** Opening Given material block **

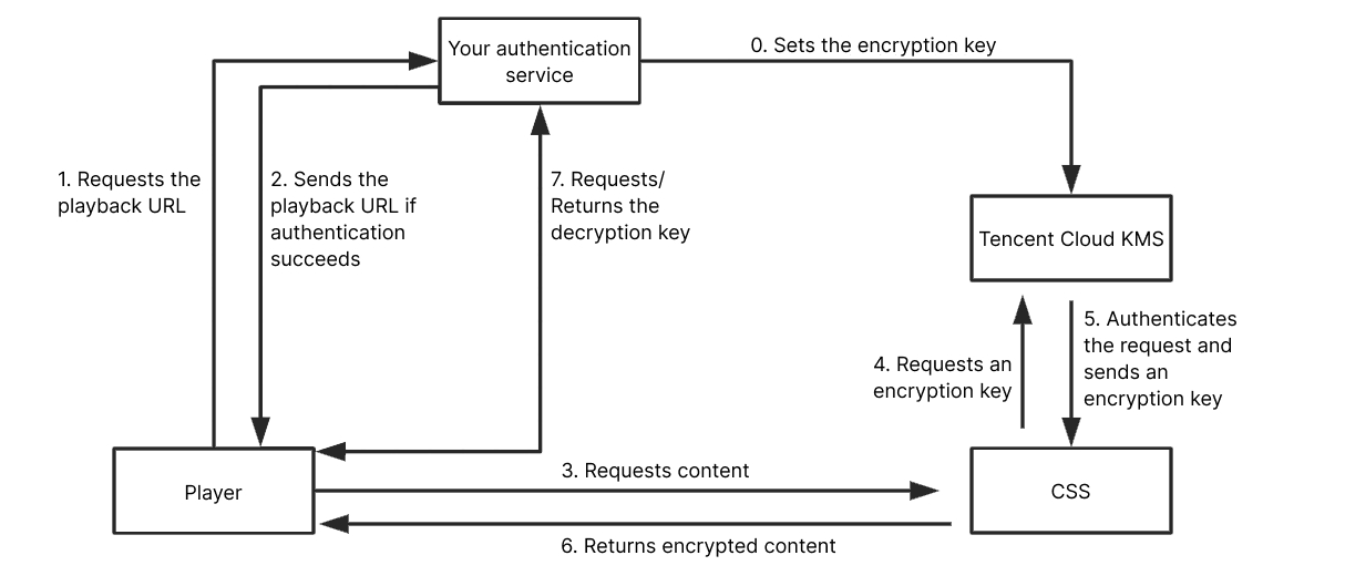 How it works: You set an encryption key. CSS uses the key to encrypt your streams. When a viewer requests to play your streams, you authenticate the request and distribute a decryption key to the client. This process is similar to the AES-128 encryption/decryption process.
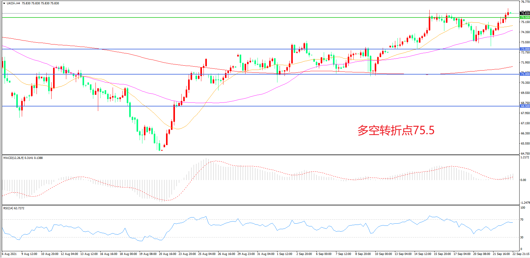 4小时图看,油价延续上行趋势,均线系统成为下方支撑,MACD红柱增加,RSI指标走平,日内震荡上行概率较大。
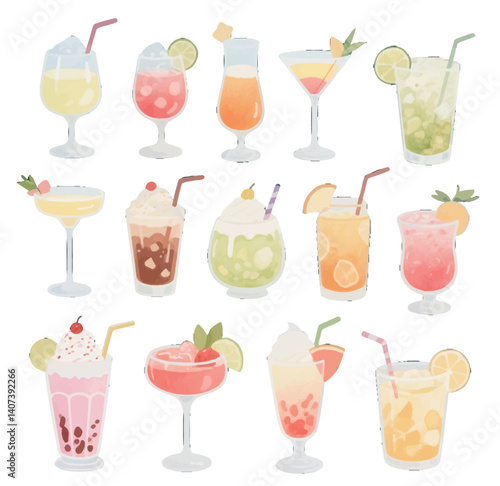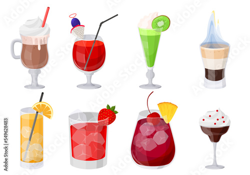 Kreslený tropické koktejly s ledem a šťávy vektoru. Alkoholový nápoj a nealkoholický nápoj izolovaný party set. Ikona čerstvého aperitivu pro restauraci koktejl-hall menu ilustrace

** Closing Given material block **

#### Aim of the task:
Transcribe all of the listing precisely. The images stay out of it.

#### Response for this exercise:
 How it works: You set an encryption key. CSS uses the key to encrypt your streams. When a viewer requests to play your streams, you authenticate the request and distribute a decryption key to the client. This process is similar to the AES-128 encryption/decryption process.
 4小时图看,油价延续上行趋势,均线系统成为下方支撑,MACD红柱增加,RSI指标走平,日内震荡上行概率较大。
 Kreslený tropické koktejly s ledem a šťávy vektoru. Alkoholový nápoj a nealkoholický nápoj izolovaný party set. Ikona čerstvého aperitivu pro restauraci koktejl-hall menu ilustrace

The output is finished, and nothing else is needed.